Which is why the growth of one particular type of crime deeply worries us at Cifas. More and more young people are letting criminals launder money through their bank accounts. Many of those that do this do not even realise they are committing a crime.
The number of under-21s acting as so-called “money mules” has more than doubled so far this year. That is despite police warnings that parents should check their children’s bank accounts for suspicious activity.
What this criminal act involves is allowing a sum of money to be transferred to your account and then either transferring it on or withdrawing the funds and perhaps sending them overseas using a legitimate money transfer service. For their part in the chain, that could see them divert the proceeds of drugs or theft out of the country, the mule receives a small commission. In-debt university students have been lured into taking part. So have children as young as 13.
For all that we are living our lives digitally, the promise of cash in hand remains seductive. If, however, something appears too good to be true, it almost always is. This money can move from account to account in the blink of an eye. The act of permitting a criminal gang to use your bank details, however, can have far more lasting implications.
Because Cifas compiles the National Fraud Database from the data we gather from our more than 400 members in banking, insurance, telecoms and retail, we are well placed to join the dots. We can see that money muling now operates on an industrial scale, just like identity theft where we have also seen numbers soar.
Mules are being recruited via numerous routes. On social media, there are fake job advertisements or posts for get rich quick schemes, which might as well be publicising a search for criminal accomplices.
The offers of making a fast buck are ever-present in the real world too. We know of cases that began when a victim made a new acquaintance at university, or struck up a conversation at the school gates. They are often advised to report their bank card stolen after they have handed over their details, creating a smokescreen for their involvement.
Some gangs have even co-opted unwitting adults that run youth groups, who thought they were doing the kids a favour by handing out fliers that promised to boost their pocket money. There is also some evidence that fraudsters are trying to take advantage of people with mental health issues.
One mule frequently recruits another. Fuelled by peer pressure, this activity has become like the dare to indulge in drug taking or petty vandalism that can spread among a circle of friends.

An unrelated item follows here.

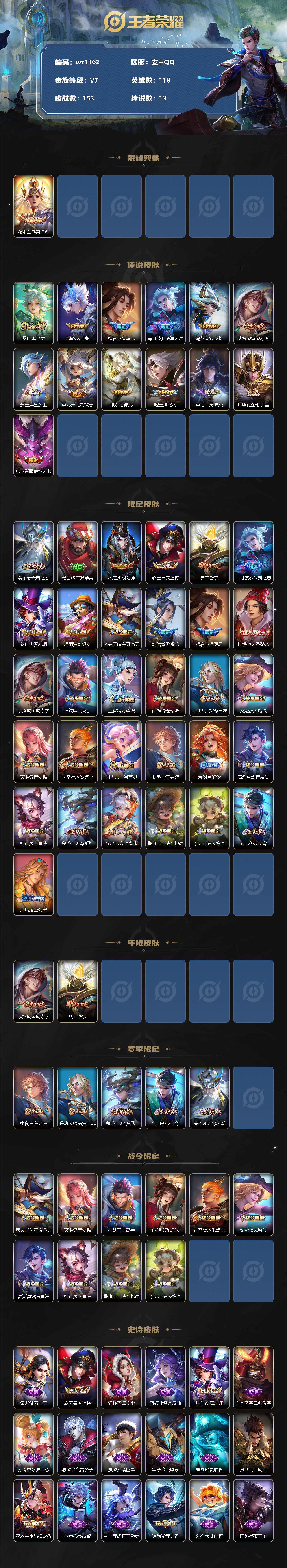 【账号佳】【王者荣耀】【编号:3339549】【可二次实名】【wz1362】【商品标题】:安卓Q-V7-至尊星耀IV段位-118英雄-153皮肤-1典藏-0珍品无双-0无双-0珍品传说-13传说-42史诗 【荣耀典藏】:花木兰九霄神辉 【传说皮肤】:桑启鸣野蒿,澜逐花归海,橘右京枫霜尽,马可波罗深海之息,马超无双飞将,裴擒虎寅虎赤拳,赵云淬星耀世,李元芳飞鸢探春,镜炽阳神光,曜云鹰飞将,李信一念神魔,后羿黄金射手座,宫本武藏地狱之眼 【限定皮肤】:姜子牙天穹之誓,杨戬破阵退雄兵,狄仁杰阴阳师,赵云皇家上将,典韦岱宗,马可波罗深海之息,狄仁杰魔术师,项羽海滩派对,老夫子航海奇遇记,韩信傲雪梅枪,橘右京枫霜尽,孙悟空大圣娶亲,裴擒虎寅虎赤拳,狂铁电玩高手,上官婉儿梁祝,西施玲珑珍味,鲁班大师探海日志,戈娅驭风魔法,艾琳流音漫舞,司空震地狱燃心,阿古朵江河有灵,张良古海寻踪,蒙犽百解令,高渐离燃音魔法,妲己灵卜魔法,鬼谷子天穹祈灯,姬小满妄想食味,鲁班七号蔬乡物语,李元芳蔬乡物语,刘邦剑破天穹,周瑜熔金海岸 【年限皮肤】:裴擒虎寅虎赤拳,典韦岱宗 【赛季限定】:张良古海寻踪,鲁班大师探海日志,鬼谷子天穹祈灯,刘邦剑破天穹,姜子牙天穹之誓 【战令限定】:老夫子航海奇遇记,艾琳流音漫舞,狂铁电玩高手,西施玲珑珍味,司空震地狱燃心,戈娅驭风魔法,高渐离燃音魔法,妲己灵卜魔法,鲁班七号蔬乡物语,李元芳蔬乡物语 【史诗皮肤】:露娜紫霞仙子,赵云皇家上将,貂蝉圣诞恋歌,甄姬冰雪圆舞曲,狄仁杰魔术师,宫本武藏鬼剑武藏,孙尚香水果甜心,嬴政暗夜贵公子,嬴政摇滚巨星,墨子金属风暴,曹操幽灵船长,张飞乱世虎臣,花木兰水晶猎龙者,亚瑟心灵战警,百里守约特工魅影,铠曙光守护者,刘禅天才门将,白起星夜王子,阿轲节奏热浪,孙策猫狗日记,孙悟空大圣娶亲,伽罗箭羽风息,狄仁杰鹰眼统帅,上官婉儿梁祝,典韦岱宗,橘右京修罗,老夫子航海奇遇记,司马懿暗渊魔法,韩信傲雪梅枪,夏洛特永昼,澜赏金猎手,狂铁电玩高手,戈娅驭风魔法,司空震地狱燃心,阿古朵江河有灵,蒙犽百解令,妲己灵卜魔法,高渐离燃音魔法,姬小满妄想食味,鲁班七号蔬乡物语,阿轲化蝶舞,狂铁龙之律动,黄忠百相守梦 【其他皮肤】:项羽海滩派对,赵云忍炎影,白起白色死神,牛魔西部大镖客,武则天东方不败,宫本武藏未来纪元,安琪拉玩偶对对碰,姜子牙时尚教父,妲己少女阿狸,典韦黄金武士,花木兰兔女郎,张飞五福同心,甄姬花好人间,宫本武藏万象初新,狄仁杰阴阳师,刘备汉昭烈帝,关羽龙腾万里,钟无艳海滩丽影,王昭君幻想奇妙夜,老夫子功夫老勺,孙尚香沉稳之力,诸葛亮掌控之力,苏烈坚韧之力,沈梦溪鲨炮海盗猫,姜子牙炽热元素使,哪吒次元突破,狂铁特工战影,鲁班大师乓乓大师,蒙恬蔚蓝守将,猪八戒潮玩探月行,赵怀真太极少年,太乙真人劲辣红锅,莱西奥西部游侠,鲁班大师探海日志,西施玲珑珍味,李元芳妄想特派,艾琳流音漫舞,张良古海寻踪,钟无艳聚星闪耀,亚连破局者,后羿完美运算,鬼谷子天穹祈灯,妲己灵卜魔法,朵莉亚金色潮汐,亚瑟鸿运当头,李元芳蔬乡物语,刘邦剑破天穹,大司命暗都幽影,杨戬破阵退雄兵,姜子牙天穹之誓,周瑜熔金海岸,盘古敬我三分,东皇太一噬灭天穹,干将莫邪雾都夜雨,苍苍林狼骑,太乙真人谧流熔炉,西施雪境奇遇,戈娅玫蓝誓约,刘备浪漫序章,钟馗虚灵犬护,苏烈春野闲踪,张良灵野札记,阿古朵布丁狗之约,露娜命运加冕,姬小满小满鸭,白起死霸装,甄姬逆浪荇歌,莱西奥踏浪烽翎,项羽帝国元帅,貂蝉异域舞娘,花木兰剑舞者,孙悟空西部大镖客,钟馗地府判官,虞姬加勒比小姐,关羽天启骑士,马可波罗激情绿茵,诸葛亮星航指挥官,鬼谷子阿摩司公爵,铠龙域领主,百里守约绝影神枪,百里玄策威尼斯狂欢,苏烈爱与和平,女娲尼罗河女神,公孙离花间舞,杨玉环霓裳曲,元歌午夜歌剧院,司马懿魇语军师,李信灼热之刃,上官婉儿修竹墨客,盘古创世神祝,曜归虚梦演,蒙恬秩序猎龙将,澜孤猎,司空震启蛰,云缨赤焰之缨,暃碧珀绯影,桑启画中游 【内测皮肤】:狂铁特工战影 【营地ID】:1738027562

At best mules are being offered small sums of money for their trouble, at worst they are being threatened with violence if they do not hand over their bank account, sort code and PIN number.
It is not always clear to mules that they are breaking the law. Muling can be so quick and effortless, they convince themselves that no-one will notice. It is also true the police are sometimes slow to identify bank accounts used for this because muling involves relatively small sums of money that can pass under the radar.

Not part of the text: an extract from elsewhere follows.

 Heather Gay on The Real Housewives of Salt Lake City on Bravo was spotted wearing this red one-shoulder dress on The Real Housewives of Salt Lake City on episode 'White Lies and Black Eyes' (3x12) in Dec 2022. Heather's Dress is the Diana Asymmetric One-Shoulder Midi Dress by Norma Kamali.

Money laundering, however, carries a maximum prison term of 14 years. It is a stretch to think that any first-time offender will be convicted, but it could affect their credit rating, taking out a new mobile phone contract or, later in life, securing a mortgage.
It is a very sophisticated crime and demands a co-ordinated response. That is why we have chosen money muling as the subject of new campaign, run in partnership with Financial Fraud Action UK, part of UK Finance.
Young people that have grown up with the confidence to navigate social media must not be lulled into a false sense of security by dangerous promises. It is here that parents must play a bigger role to make young people question their actions. The social media companies that unwittingly carry these adverts need to be more vigilant too.
We are pleased to see financial education make its way onto the national curriculum in recent years. What Cifas wants is for schools to go further, with online safety and fraud awareness made mandatory from the age of 11. With the PSHE Association we have run a pilot covering these topics in 10 schools this autumn. Money muling, however, is growing fast. We must act faster to stop our young people being co-opted into crime.